Avoided Solidly Voting System Manipulation

“premature optimization is the root of all evil (or at least most of it) in programming.”
— Donald Knuth

Author: Ori Dabush

Editors: Sameer Arora, Uri Kirstein

In this blog I will write about a bug found in a past version of Solidly, an exchange on the Fantom Mainnet, using the Certora Prover. This bug was found and fixed before the contracts were deployed on the mainnet.

Solidly is a system that allows low-cost, near 0 slippage trades on uncorrelated or tightly correlated assets. Liquidity providers (LPs) are given incentives in the form of tokens. The amount received is 100% of the weekly distribution weighted on votes from ve-token holders.

Vested Escrow (ve) is the core voting mechanism of the system, that is used to gauge rewards and voting.

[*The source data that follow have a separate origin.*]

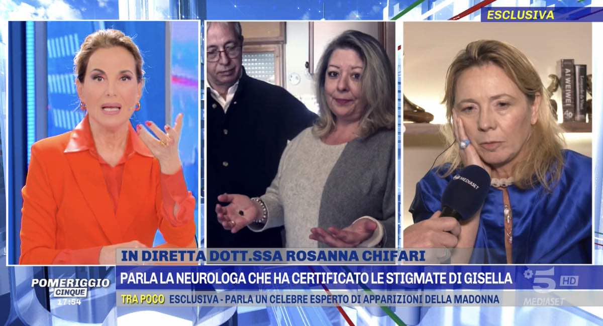 Barbara d’Urso anche oggi ha dedicato quasi tutta la sua trasmissione al caso legato alla presunta veggente Gisella Cardia con annesse polemiche e tanti dubbi. In questa occasione è stata chiamata a parlare una neurologa, che ha visto e certificato le stigmate della Cardia. Quest’ultima ha subito esordito attaccando duramente Don Patrizio in collegamento dando vita ad un accesissimo scontro in diretta. Ma non è finita qua perchè quest’ultima ha poi cercato di spiegare cosa ha visto sulle mani e sul corpo della presunta veggente: “La certificazione l’avrebbe potuta fare anche uno studente del terzo anno…” Ad un certo punto ha preso la parola Samantha De Grenet desiderosa di fare una domanda alla signora. E anche la presentatrice ha cercato di inserirsi nella discussione. L”ospite si è però immediatamente indispettita, chiedendo di finire di parlare: “Scusi, non ho finito…Mi ha chiesto di descrivere, quindi mi faccia finire…” La d’Urso, visibilmente infastidita, ha immediatamente ribattuto: “Io veramente le avevo chiesto di descrivere ciò che aveva visto, ma ascolto…”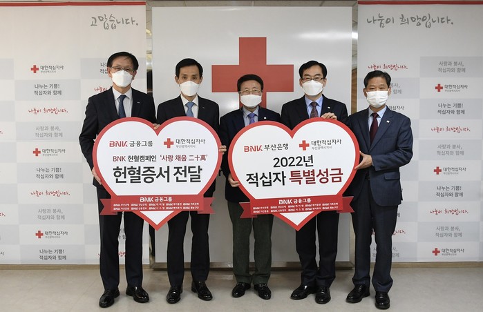 특별성금과 더불어 2021년 한 해동안 진행된 BNK금융그룹 임직원 헌혈 캠페인 ‘사랑나눔 二十萬(이십만)’을 통해 모아진 헌혈증서 600여장을 함께 전달하며 지역 온정 나눔에 손길을 더했다.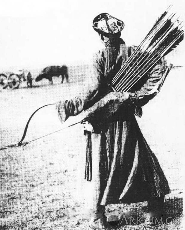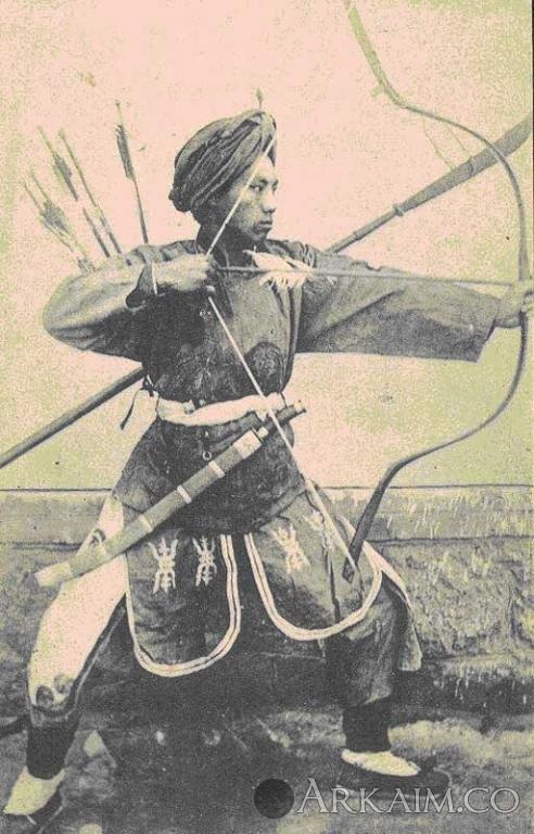 При этом голова держится прямо, а верхний рог лука немного склонен налево. Этот метод Абу Хашима аль Маварди, а также персидских лучников и царей, был, по словам автора арабского наставления, древним и универсальным приемом точного прицеливания, которого придерживался и он сам”.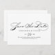Det här elegant kalligrafområdet vågrät bröllop spara datum är perfekt för ett bröllop som är ett område av rustik. Den enkla och snyggt designen har skript av typen klassisk och finare i svartvitt.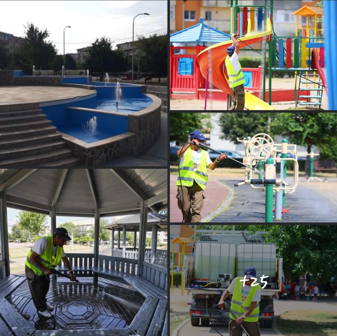 Parcul Teilor a trecut printr-o amplă acțiune de salubrizare, care a inclus curățarea aparatelor de joacă, a băncilor și a locurilor de relaxare cu ajutorul cisternei cu presiune. De asemenea, fântâna arteziană a fost igienizată și vopsită.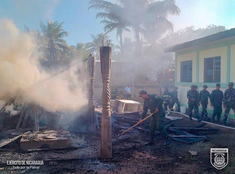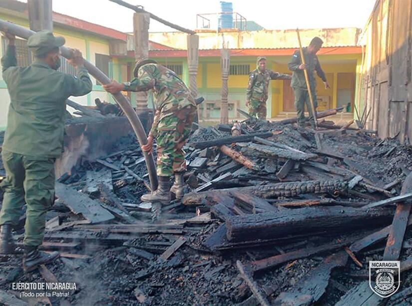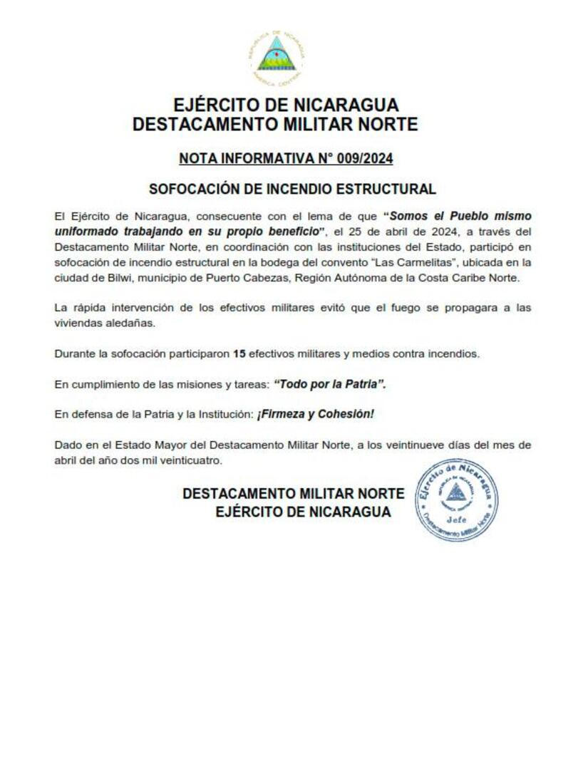 El Ejército de Nicaragua, consecuente con el lema de que "Somos el Pueblo mismo uniformado trabajando en su propio beneficio", el 25 de abril de 2024, a través del Destacamento Militar Norte, en coordinación con las instituciones del Estado, participó en sofocación de incendio estructural en la bodega del convento "Las Carmelitas", ubicada en la ciudad de Bilwi, municipio de Puerto Cabezas, Región Autónoma de la Costa Caribe Norte.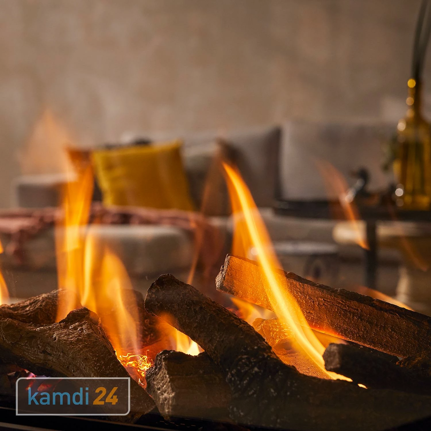 Im Lieferumfang von sind keramische Holzscheit-Imitate enthalten. Durch diese bekommt der Betrachter den Eindruck, einen traditionellen Holzofen vor sich zu haben. Sie haben jedoch den Vorteil, nicht ständig neues Brennholz nachlegen zu müssen und auch die Reinigung nach jedem Gebrauch entfällt. Alternativ können Sie das Brennerbett auch mit weißen , und bestücken.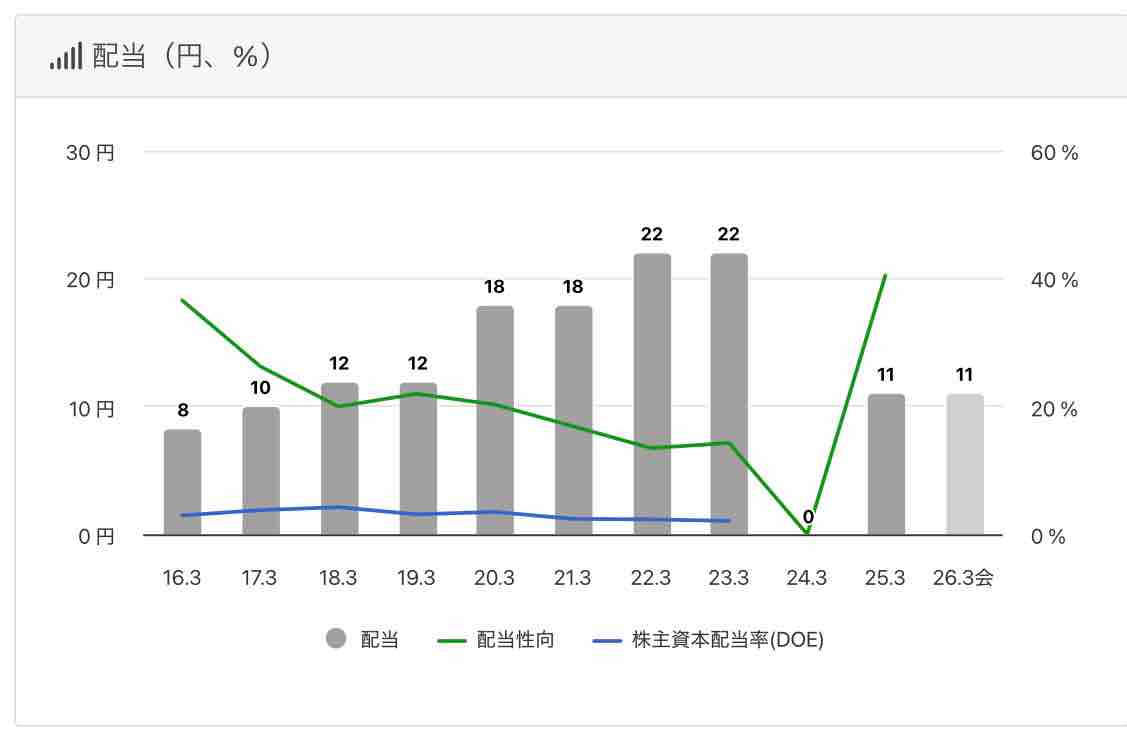 配当金の推移を見ると、2024年に赤字決算で無配転落しました💦 今期1株配当は11円を予定しています。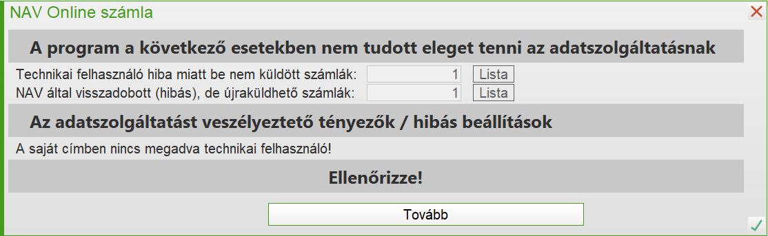 Megjegyzendő, hogy a rendelet szerint csak akkor tekinthető az adatszolgáltatás teljesítettnek a program üzemeltetője szempontjából, ha a NAV-tól elfogadó üzenet érkezett vissza a beküldött számlára. Hiba esetén a NAV nem fogadta be a számlát, így annak adatszolgáltatása nincs teljesítve. Amennyiben az adott kötetben valamilyen hiba van a beküldendő/beküldött számlákkal kapcsolatban, a kötetbe belépéskor a program egy tájékoztató ablakot mutat, melyben látható, mennyi és milyen hibás számlák vannak az adatbázisban.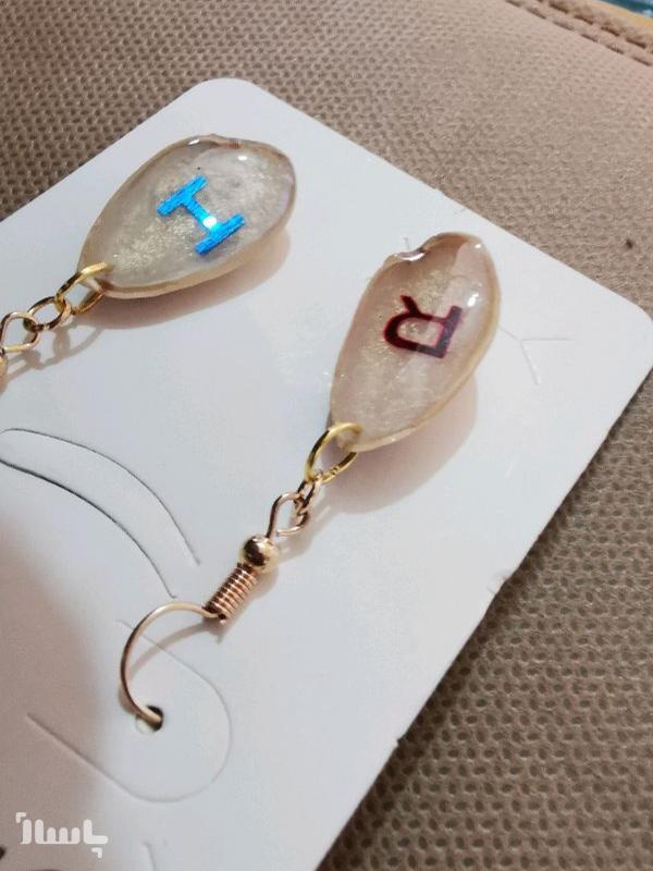 گوشواره دست ساز اپوکسی کاج مدل حروف طرح پسته طبیعی برند E.K

The mechanism for voting is:

1. Create a lock (NFT) using the create_lock or create_lock_for functions, which deposit tokens and lock them for a given amount of time.
2. Call the vote or voteMixed function from the BaseV1Voter contract with your NFT’s token id and vote for the pools you would like to incentivize.

The ve.sol contract indicates whether a token id has voted or not. This data structure could be easily implemented by a uint256 to bool mapping, but here we see a delicate optimization — instead of saving a whole byte (8 bits) for every token id, only 1 bit is saved.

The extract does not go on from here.